The standard threshold for establishing frustration is a higher threshold than establishing force majeure. Although "radical difference in performance" has been interpreted with varying levels of strictness, courts have been relatively firm in setting the minimum level of radical difference. In Delta Food Processors Ltd. v East Pacific Enterprises Ltd., the court in quoting an earlier English case, agreed that, "The fact that it has become more onerous or more expensive for one party than he thought is not sufficient to bring about a frustration. It must be more than merely more onerous or more expensive. It must be positively unjust to hold the parties bound." In this case, the defendant was sued for lost profit after it failed to supply 1200 tons of herring to the plaintiff because of a poor fishing season and difficulties in securing fish packers. The court ultimately decided against a finding of frustration as the lack of fish and difficulties with packers did not amount to a sufficiently "radical change in the nature of the obligation". These difficulties could have been overcome with more effort from the defendant.

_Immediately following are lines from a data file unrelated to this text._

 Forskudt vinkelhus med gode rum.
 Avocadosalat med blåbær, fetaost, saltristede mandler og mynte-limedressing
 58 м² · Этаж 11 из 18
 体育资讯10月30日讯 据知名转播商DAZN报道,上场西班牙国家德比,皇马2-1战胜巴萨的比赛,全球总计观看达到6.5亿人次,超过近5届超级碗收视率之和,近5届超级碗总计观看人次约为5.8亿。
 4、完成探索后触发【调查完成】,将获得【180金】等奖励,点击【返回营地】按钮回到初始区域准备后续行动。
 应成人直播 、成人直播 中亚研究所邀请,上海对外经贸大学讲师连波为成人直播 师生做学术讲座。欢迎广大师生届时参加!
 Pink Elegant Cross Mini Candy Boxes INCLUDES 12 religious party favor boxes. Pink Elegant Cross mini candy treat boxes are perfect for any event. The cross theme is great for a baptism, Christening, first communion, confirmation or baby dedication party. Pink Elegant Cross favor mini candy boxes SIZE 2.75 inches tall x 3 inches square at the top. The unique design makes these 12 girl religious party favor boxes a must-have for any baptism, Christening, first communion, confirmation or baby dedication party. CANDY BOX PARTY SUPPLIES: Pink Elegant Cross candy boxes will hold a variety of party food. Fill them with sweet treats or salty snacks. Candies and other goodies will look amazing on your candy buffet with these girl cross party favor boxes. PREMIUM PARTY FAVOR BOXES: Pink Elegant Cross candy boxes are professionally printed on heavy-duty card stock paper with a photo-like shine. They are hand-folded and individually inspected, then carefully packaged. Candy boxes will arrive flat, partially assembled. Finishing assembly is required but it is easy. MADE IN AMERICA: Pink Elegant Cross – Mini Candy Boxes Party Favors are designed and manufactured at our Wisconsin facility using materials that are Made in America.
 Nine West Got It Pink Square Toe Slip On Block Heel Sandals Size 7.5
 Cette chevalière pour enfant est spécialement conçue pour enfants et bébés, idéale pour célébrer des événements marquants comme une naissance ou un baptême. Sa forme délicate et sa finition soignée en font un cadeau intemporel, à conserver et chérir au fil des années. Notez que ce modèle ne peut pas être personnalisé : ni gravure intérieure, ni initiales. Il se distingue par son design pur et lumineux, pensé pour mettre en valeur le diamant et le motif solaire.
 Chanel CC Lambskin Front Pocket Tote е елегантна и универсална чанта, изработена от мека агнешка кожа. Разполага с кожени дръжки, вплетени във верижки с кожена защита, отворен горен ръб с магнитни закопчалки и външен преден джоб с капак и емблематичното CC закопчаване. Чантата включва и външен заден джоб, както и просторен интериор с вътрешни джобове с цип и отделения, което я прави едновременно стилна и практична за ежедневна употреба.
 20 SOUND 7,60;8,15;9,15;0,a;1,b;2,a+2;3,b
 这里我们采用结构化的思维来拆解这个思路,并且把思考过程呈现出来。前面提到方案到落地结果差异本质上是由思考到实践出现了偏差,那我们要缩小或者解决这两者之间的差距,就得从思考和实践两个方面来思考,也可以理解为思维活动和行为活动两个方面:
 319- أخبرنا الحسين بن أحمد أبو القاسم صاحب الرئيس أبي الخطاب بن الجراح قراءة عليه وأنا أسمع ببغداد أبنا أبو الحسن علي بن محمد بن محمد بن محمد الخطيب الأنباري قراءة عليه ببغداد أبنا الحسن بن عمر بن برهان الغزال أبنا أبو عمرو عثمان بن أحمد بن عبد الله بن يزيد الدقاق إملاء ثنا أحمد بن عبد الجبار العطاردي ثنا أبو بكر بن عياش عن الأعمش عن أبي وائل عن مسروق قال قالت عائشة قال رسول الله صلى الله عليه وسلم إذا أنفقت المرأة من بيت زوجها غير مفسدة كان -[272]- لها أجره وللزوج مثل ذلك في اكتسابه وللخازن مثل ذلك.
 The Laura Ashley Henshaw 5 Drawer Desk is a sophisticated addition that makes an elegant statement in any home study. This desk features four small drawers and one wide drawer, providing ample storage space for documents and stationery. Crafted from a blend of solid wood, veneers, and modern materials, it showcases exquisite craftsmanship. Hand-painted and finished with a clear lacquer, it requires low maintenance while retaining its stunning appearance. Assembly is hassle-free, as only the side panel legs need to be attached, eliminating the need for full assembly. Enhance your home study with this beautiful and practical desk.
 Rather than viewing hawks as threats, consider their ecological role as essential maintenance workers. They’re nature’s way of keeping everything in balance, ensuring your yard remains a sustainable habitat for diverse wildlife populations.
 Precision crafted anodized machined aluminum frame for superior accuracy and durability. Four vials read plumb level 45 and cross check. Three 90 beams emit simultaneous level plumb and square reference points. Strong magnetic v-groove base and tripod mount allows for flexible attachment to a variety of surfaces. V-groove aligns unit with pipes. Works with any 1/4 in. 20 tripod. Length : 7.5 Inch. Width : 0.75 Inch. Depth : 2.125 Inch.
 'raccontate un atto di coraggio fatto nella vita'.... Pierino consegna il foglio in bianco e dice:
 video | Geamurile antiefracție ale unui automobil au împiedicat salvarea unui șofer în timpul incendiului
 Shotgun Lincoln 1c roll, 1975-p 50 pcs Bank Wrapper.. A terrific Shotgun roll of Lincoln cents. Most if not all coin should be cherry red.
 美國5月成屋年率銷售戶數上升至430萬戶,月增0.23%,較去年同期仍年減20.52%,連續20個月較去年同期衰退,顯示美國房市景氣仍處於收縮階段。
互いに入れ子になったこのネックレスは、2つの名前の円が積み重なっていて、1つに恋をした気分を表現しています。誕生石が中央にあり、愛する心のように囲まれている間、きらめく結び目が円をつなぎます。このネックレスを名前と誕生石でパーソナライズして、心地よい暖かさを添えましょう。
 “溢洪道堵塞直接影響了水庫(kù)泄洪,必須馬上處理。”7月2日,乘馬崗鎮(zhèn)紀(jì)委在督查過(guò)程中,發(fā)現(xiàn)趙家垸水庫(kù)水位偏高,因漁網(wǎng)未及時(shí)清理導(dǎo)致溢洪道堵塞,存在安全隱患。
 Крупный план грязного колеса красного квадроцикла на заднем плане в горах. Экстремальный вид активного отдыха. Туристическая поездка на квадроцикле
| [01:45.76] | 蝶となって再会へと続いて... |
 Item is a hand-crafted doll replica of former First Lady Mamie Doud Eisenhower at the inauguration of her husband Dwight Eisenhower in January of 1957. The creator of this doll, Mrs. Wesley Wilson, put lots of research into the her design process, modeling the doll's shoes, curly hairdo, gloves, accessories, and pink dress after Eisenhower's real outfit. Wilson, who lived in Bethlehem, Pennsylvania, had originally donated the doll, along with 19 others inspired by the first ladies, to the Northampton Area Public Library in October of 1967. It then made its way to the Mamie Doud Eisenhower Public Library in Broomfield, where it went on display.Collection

Notwithstanding the judicial consensus on the core principles of modern frustration, some courts have mentioned additional factors that may be considered as part of the doctrine's application. For example, despite the requirement of the supervening event occurring at no fault of the parties, there may be a case where the default of one party frustrates the contract between the other parties in a tripartite agreement. Such was the case in Cortina Foods Inc. v Bari Cheese Ltd., where the unilateral termination by a cheese manufacturer caused the frustration of an agreement between the manufacturer, a cheese marketer and a milk producer. However, an important element of this case was that the defaulting cheese manufacturer was a necessary and key party in the supply chain of cheese—it was the only manufacturer in the province that would accept milk from the milk producer. Its withdrawal from the agreement consequently made the performance of the milk producer fundamentally different than what was initially contemplated. Another additional factor is the inclusion of policy considerations in the analysis. In Kreway v Kreway, the court listed policy considerations for non-enforcement vs enforcement of the contract.
The result of a successful frustration claim is that the contract is deemed frustrated and all obligations are extinguished as of the date of the supervening event. Many provinces have enacted provincial legislation to administer the outcomes of contracts found to be frustrated. For example, Ontario's Frustrated Contracts Act applies to any contract that is governed by the law of Ontario and that has become frustrated and consequently discharged. It prescribes that amounts paid or benefits conferred prior to discharge are recoverable. Additionally, it allows the severance of frustrated obligations of a contract if the remainder was substantially performed prior to discharge.